Retry downloading buildpacks
Description
pack fails during create-builder if a buildpack is unable to be downloaded because of a temporary issue.
Proposed solution
pack could retry downloading a buildpack that has failed a handful of times to allow users to avoid network and service hiccups.
Describe alternatives you've considered
Pack could do nothing - Users would require re-running the entire pack command that failed or a user could run with pull-policy never and docker pull the buildpack images prior to running pack commands.
Additional context
- [x] This feature should be documented somewhere
We having buildpacks located in the public ECR and it seems flaky.
Status: Downloaded newer image for public.ecr.aws/r2f9u0w4/heroku-maven-buildpack@sha256:7bff54457286a9a36dbcaec77ab041d61c2e1a47741d459c3457e429f6d2f268
ERROR: failed to add buildpacks to builder: fetching image: image public.ecr.aws/r2f9u0w4/heroku-jvm-buildpack@sha256:fd4da69a6f34bce57e7280e290dd741d4059fcf8f5e60c6c6eb66258956dcb3c does not exist on the daemon: not found
Aside: The does not exist on the daemon in ^ is confusing at first.
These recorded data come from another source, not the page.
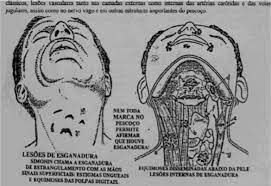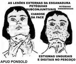 Essa coloração azulada decorre da ausência de oxigênio no sangue. Por conta da pressão nesse local (hipertensão veno-capilar), ocorre extravasamento sanguíneo. Com isso formam-se inúmeras petéquias por toda a extensão da face, formando uma MÁSCARA, por toda a região da face, do pescoço e do terço superior do tórax.
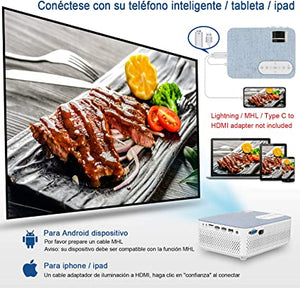 Equipado con interfaces USB, tarjeta TF, HDMI, VGA y AV, puede ser compatible con Chromecast, PC, computadoras portátiles, tarjetas SD, USB, etc. Ideal para disfrutar de películas, juegos, patio trasero Noche de barbacoa, fiesta de cumpleaños, etc. (Tenga en cuenta que para la conexión de un teléfono inteligente, necesitará un adaptador de iluminación a HDMI o un adaptador de USB / Tipo C a HDMI).
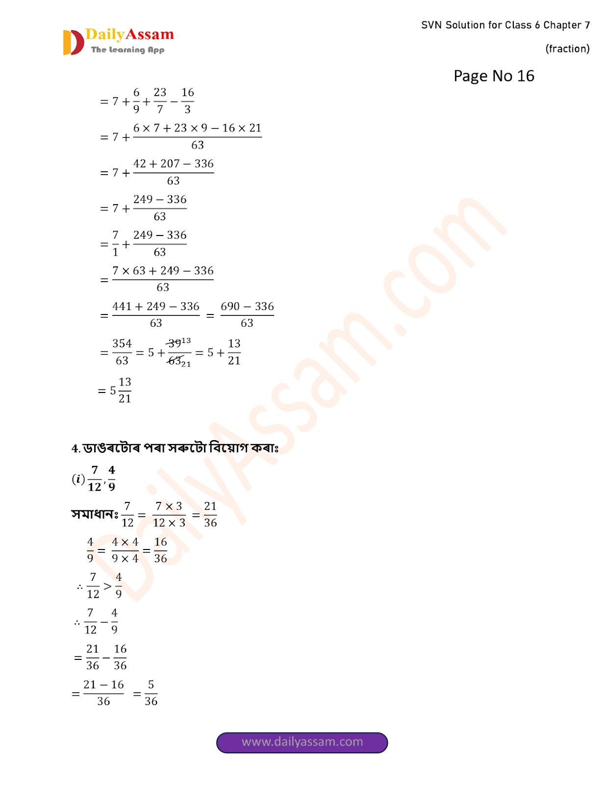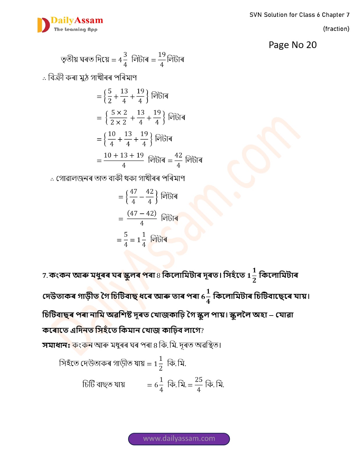 SVN Class 6 Mathematics Chapter 7 Solution | Sankardev Sishu Niketan Class 6 Mathematics Chapter 7 ভগ্নাংশ (Fractions) Answer | 2025 - 2026
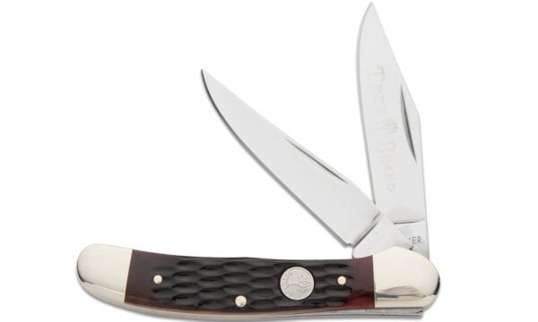 The highly successful Traditional Series has been taken to a new level. Not only have we added a wide variety of patterns and handle materials, we’ve also upgraded the blade steel to rugged D2. True classics with modern materials, at an affordable price. The classic Copperhead. Closed length: 3.75″. With jigged brown bone handle scales.
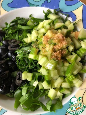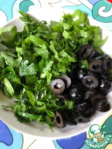 Щавель нашинковать, петрушку мелко нарезать. Маслины нарезать кружочками.
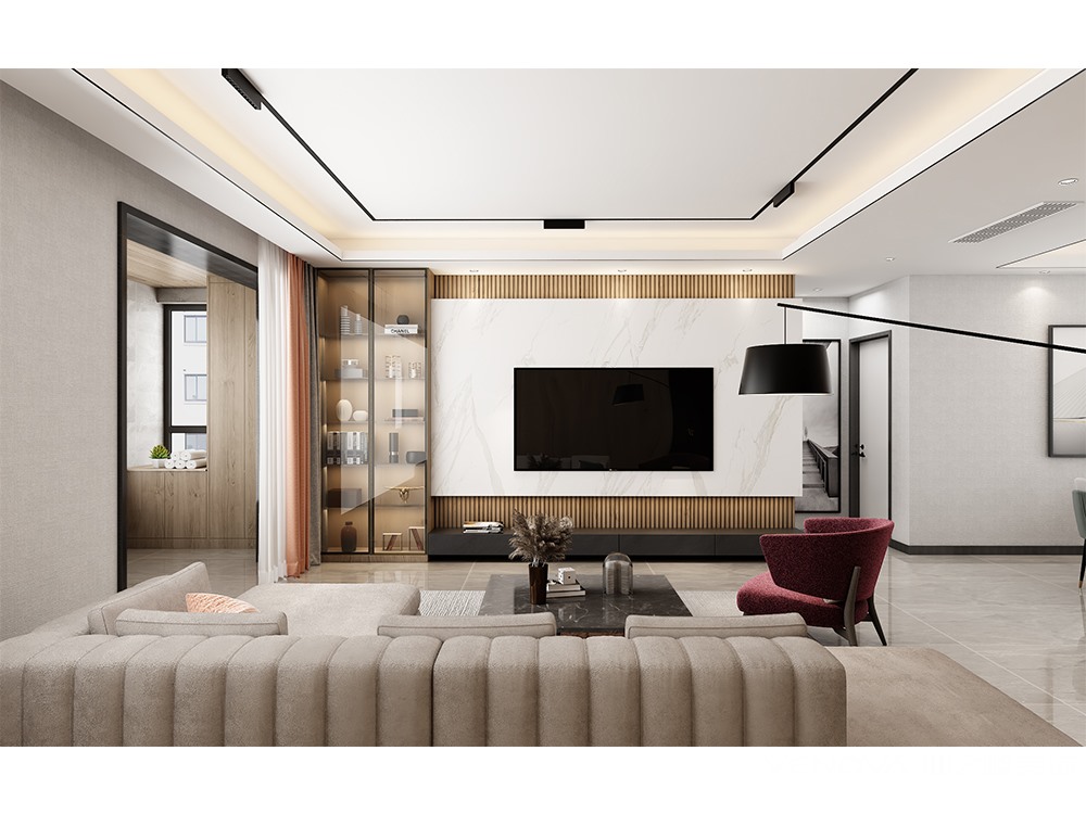 本案装修设计以高品质、简单化为理念,设计出设计极简化且有温馨舒适的感觉,主要是通过材质上的奢华来透露出对于精致、考究生活的追求,且不着痕迹。室内氛围清爽舒心,通过一些精致软装元素来体现,凝结着设计师的独具匠心,既美观又实用。
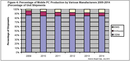 據iSuppli公司,電子製造服務(EMS)提供商將挑戰原始設計製造商(ODM)在移動PC市場中的霸主地位,EMS的出貨量份額預計在2009-2014年上升一倍以上。
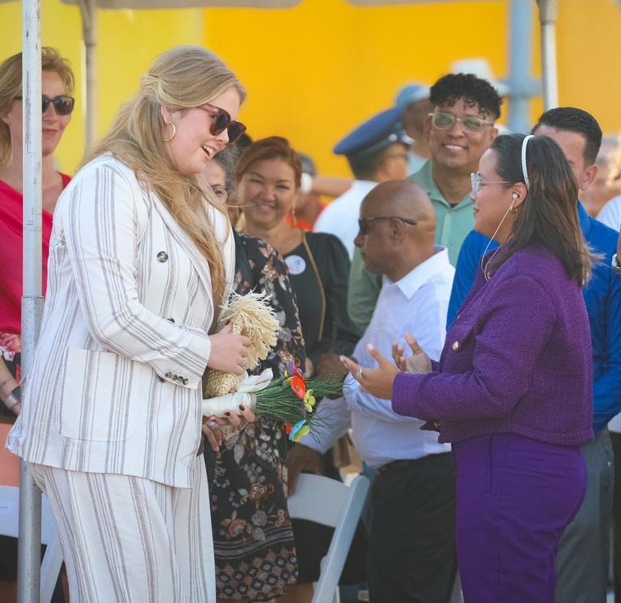 Minister Maduro tambe tabata tin palabra di elogio pa Kay: ’Danki Kay, pa bo bunita palabranan, bon escohi, pa a para como un representante di e Generacion Z, mescos cu Prinses Amalia y pa a laga bo curason papia atraves di cada palabra cu bo a pronuncia. Aruba ta hopi orguyoso dibo.’
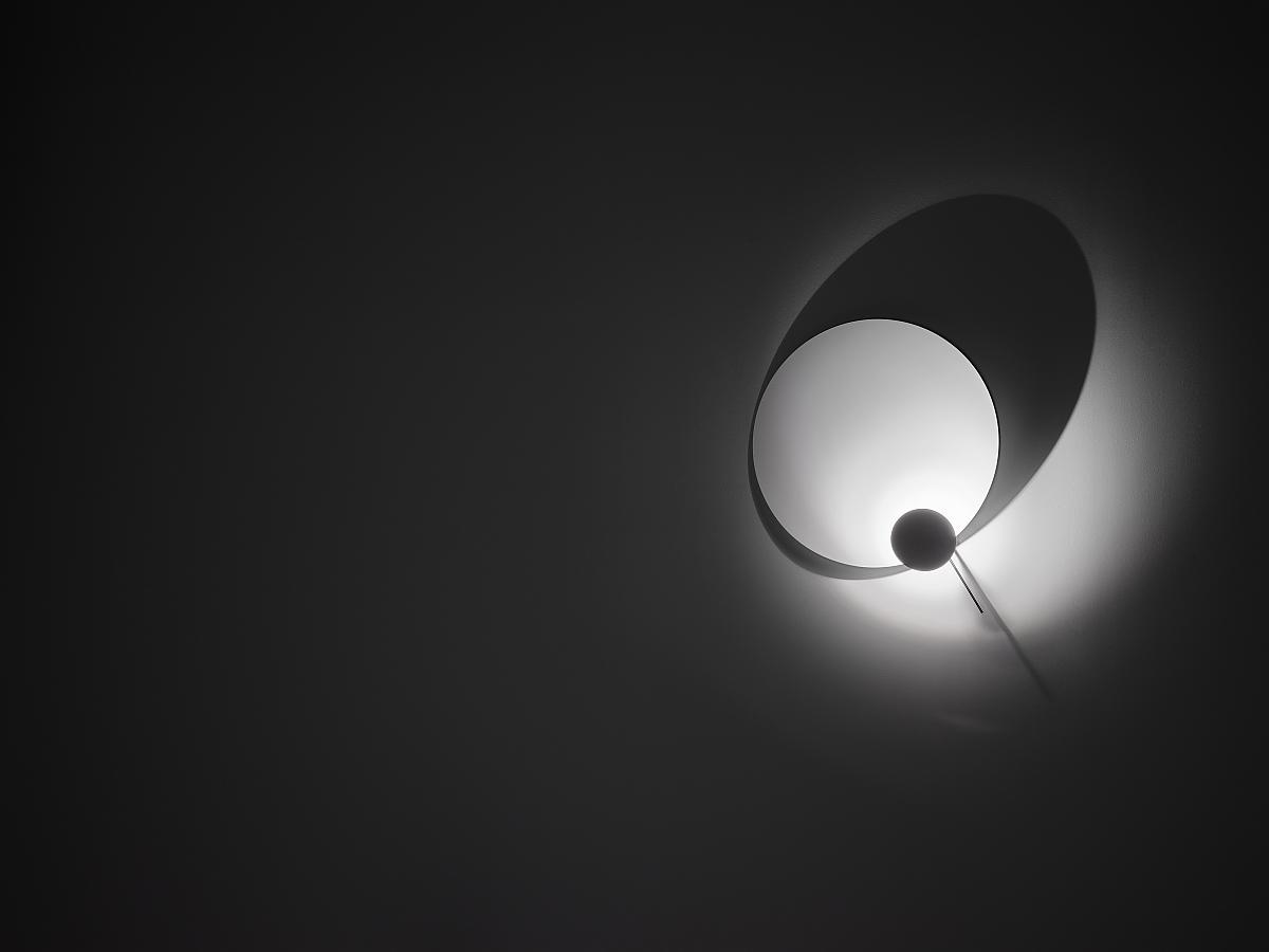 Eclipse Ellipse Wandleuchte hergestellt aus Stahl und Aluminium. Eclipse Ellipse ist ein Spiel aus Licht und Schatten. Das Lichtobjekt ist als Wandleuchte konzipiert. Wenn Sie die Lampe einschalten, erscheint eine Komposition aus Ellipse und Kreisen an der Wand. Der Benutzer der Lampe ist Mitgestalter. Sowohl die Neigung der großen Scheibe als auch die Position der kleinen Scheibe können angepasst werden.
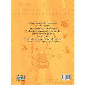 “Ana era uma menina que inventava de brincar com as palavras. As palavras escapuliam das caixinhas coloridas direto para a cuca da menina.” Este livro revela à criança o poder da criatividade, da brincadeira e da relação das coisas com seus nomes. As ilustrações coloridas e delicadas contribuem para fazer desta obra uma leitura que encantará aqueles que já descobriram, como Ana, o poder das palavras. Marca: Não Informado
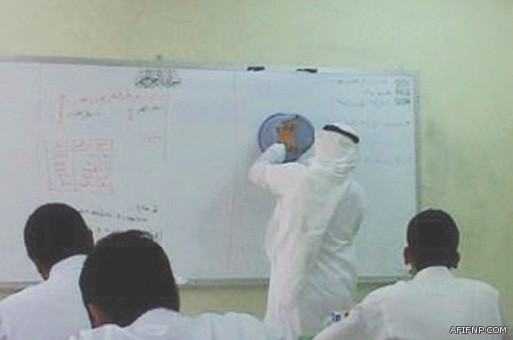 تناقل مستخدمو برنامج التواصل الاجتماعي «فيس بوك» الفترة الماضية القريبة، صورة لأحد المعلمين في مادة الرياضيات أثناء شرحه درساً للأشكال الهندسية في الفصل، مستخدماً «سلة نفايات» كي يرسم دائرة، حيث اتضح عدم وجود أداة مناسبة لذلك.
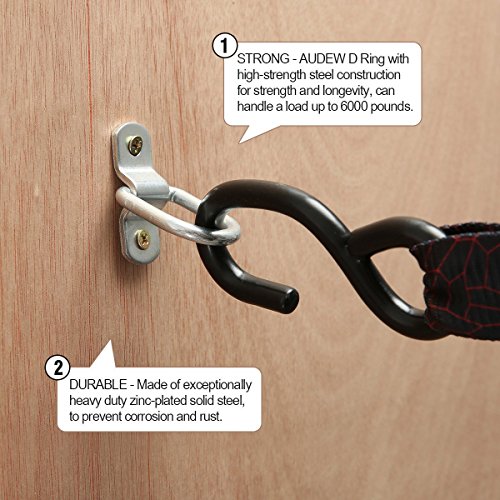 ✔ STRONG & DURABLE : AUDEW D Ring tie downs with high-strength steel construction for strength and longevity, can handle a load up to 1200 pounds per ring. That means that this pack of 8 rings can bear up to 9600 pounds.
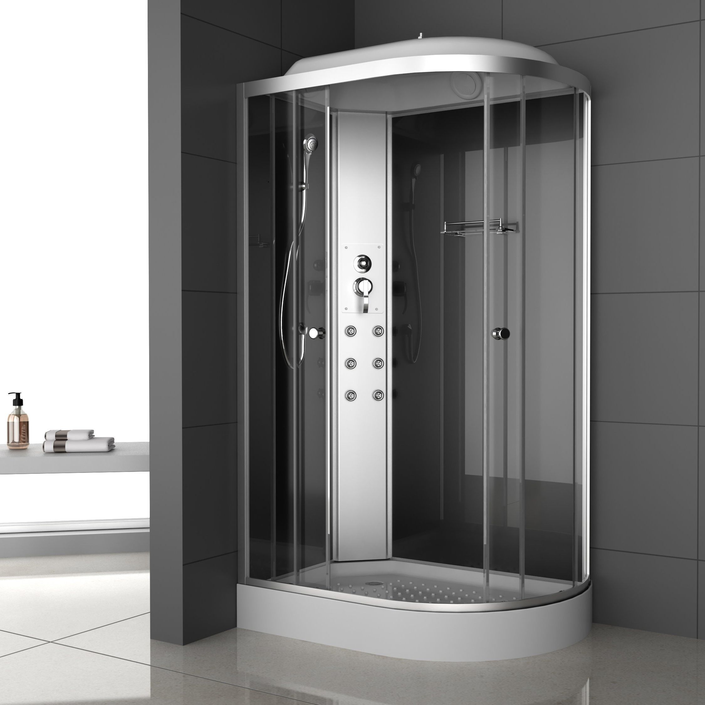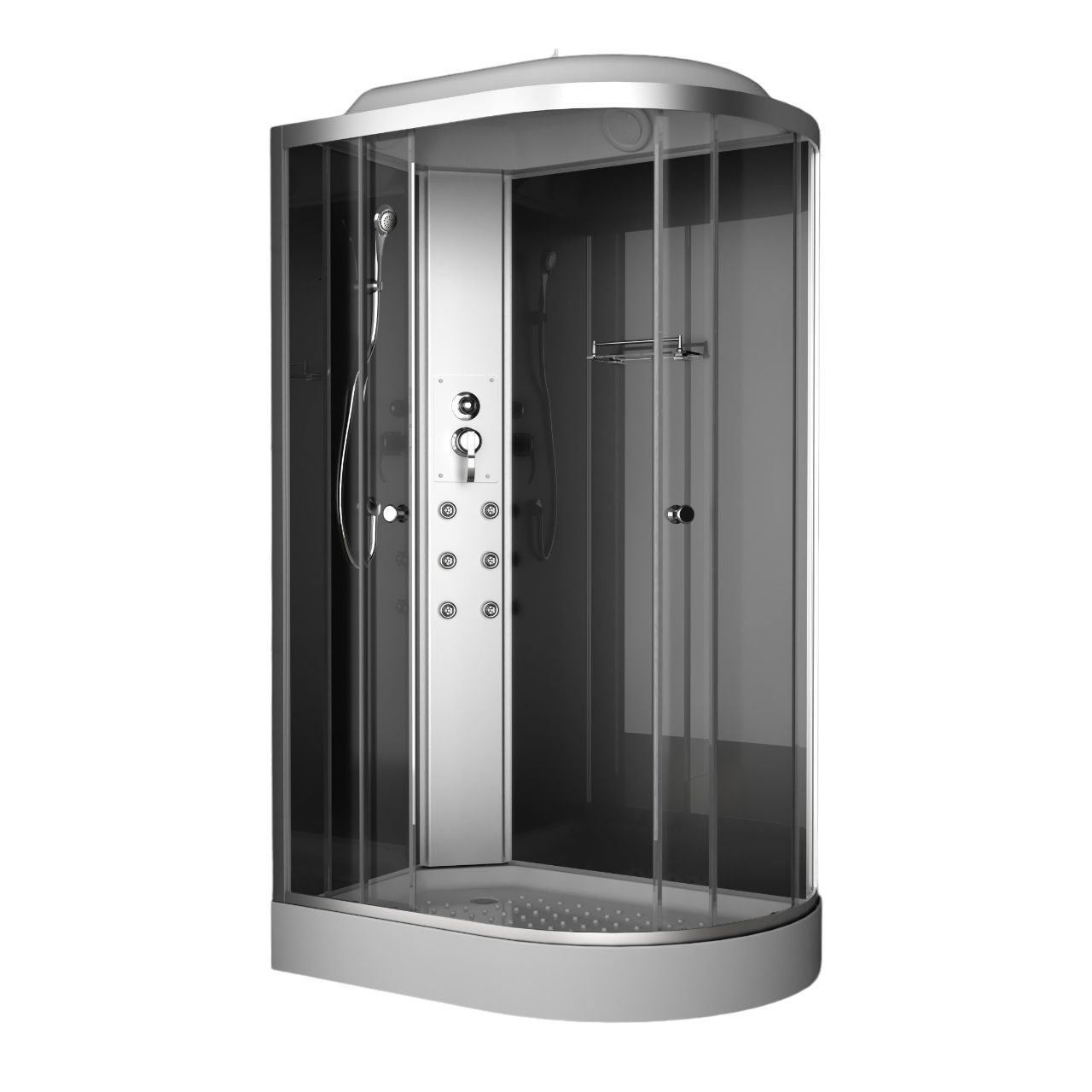 - В качестве функционального оснащения в модели предусмотрены тропический и ручной душ, гидромассаж 6 форсунок, смеситель с тремя режимами, стеклянная полочка и вытяжка.

I think it shows that because it failed to download remotely and fell back to checking the local docker daemon.
Hi @jabrown85 , @jromero I started to take a look at this case, but after analyzing it I believe the issue will be solved by this PR - 96 in the Imgutil repository. That PR is adding a retry logic when the image is been downloaded. In case the image is not downloaded the message does not exist on the daemon is shown because of what @jabrown85 said, it is trying to find it locally after it failed to download remotely
Today I updated my code frio Imgutil repository in my local environment and I ran the Fetcher test suite, there are some tests that are failing after applying the code from PR - 96.
FAIL: TestFetcher (11.06s)
--- FAIL: TestFetcher/Fetcher (3.30s)
--- FAIL: TestFetcher/Fetcher/#Fetch/daemon_is_true/PullAlways/there_is_a_remote_image/pull_the_image_and_return_the_local_copy (0.09s)
--- FAIL: TestFetcher/Fetcher/#Fetch/daemon_is_true/PullAlways/there_is_a_remote_image/doesn't_log_anything_in_quiet_mode (0.09s)
--- FAIL: TestFetcher/Fetcher/#Fetch/daemon_is_true/PullIfNotPresent/there_is_a_remote_image/there_is_a_local_image/returns_the_local_image (0.09s)
--- FAIL: TestFetcher/Fetcher/#Fetch/daemon_is_true/PullIfNotPresent/there_is_a_remote_image/there_is_no_local_image/returns_the_remote_image (0.09s)
I will take a look to those tests and try to add new tests to reproduce this issue an very the fix with the code added in the imgutil repository
Today I updated my code frio Imgutil repository in my local environment and I ran the Fetcher test suite, there are some tests that are failing after applying the code from PR - 96.
FAIL: TestFetcher (11.06s) --- FAIL: TestFetcher/Fetcher (3.30s) --- FAIL: TestFetcher/Fetcher/#Fetch/daemon_is_true/PullAlways/there_is_a_remote_image/pull_the_image_and_return_the_local_copy (0.09s) --- FAIL: TestFetcher/Fetcher/#Fetch/daemon_is_true/PullAlways/there_is_a_remote_image/doesn't_log_anything_in_quiet_mode (0.09s) --- FAIL: TestFetcher/Fetcher/#Fetch/daemon_is_true/PullIfNotPresent/there_is_a_remote_image/there_is_a_local_image/returns_the_local_image (0.09s) --- FAIL: TestFetcher/Fetcher/#Fetch/daemon_is_true/PullIfNotPresent/there_is_a_remote_image/there_is_no_local_image/returns_the_remote_image (0.09s)I will take a look to those tests and try to add new tests to reproduce this issue an very the fix with the code added in the imgutil repository
Ignore this comment, the tests were failing in my local because of an issue with docker desktop v3.2*, I downgraded to version 3.1 and the tests were fine
Hi @jabrown85 .
I created the Pull Request #111 in the imgutil repository with some improvements to handle this cases, the error you are facing I think is happening because of the status 401 or 404 been thrown during the call to the ECR registry
Retries were implemented in imgutil here: https://github.com/buildpacks/imgutil/blob/5c57feb120b3362342d24bc45d59f0d66a44ebcc/remote/new.go#L234-L253
We looked into retrying on 40X errors, but decided that it might unnecessarily impact performance in cases where it could be perfectly valid that the image doesn't exist (e.g., previous image).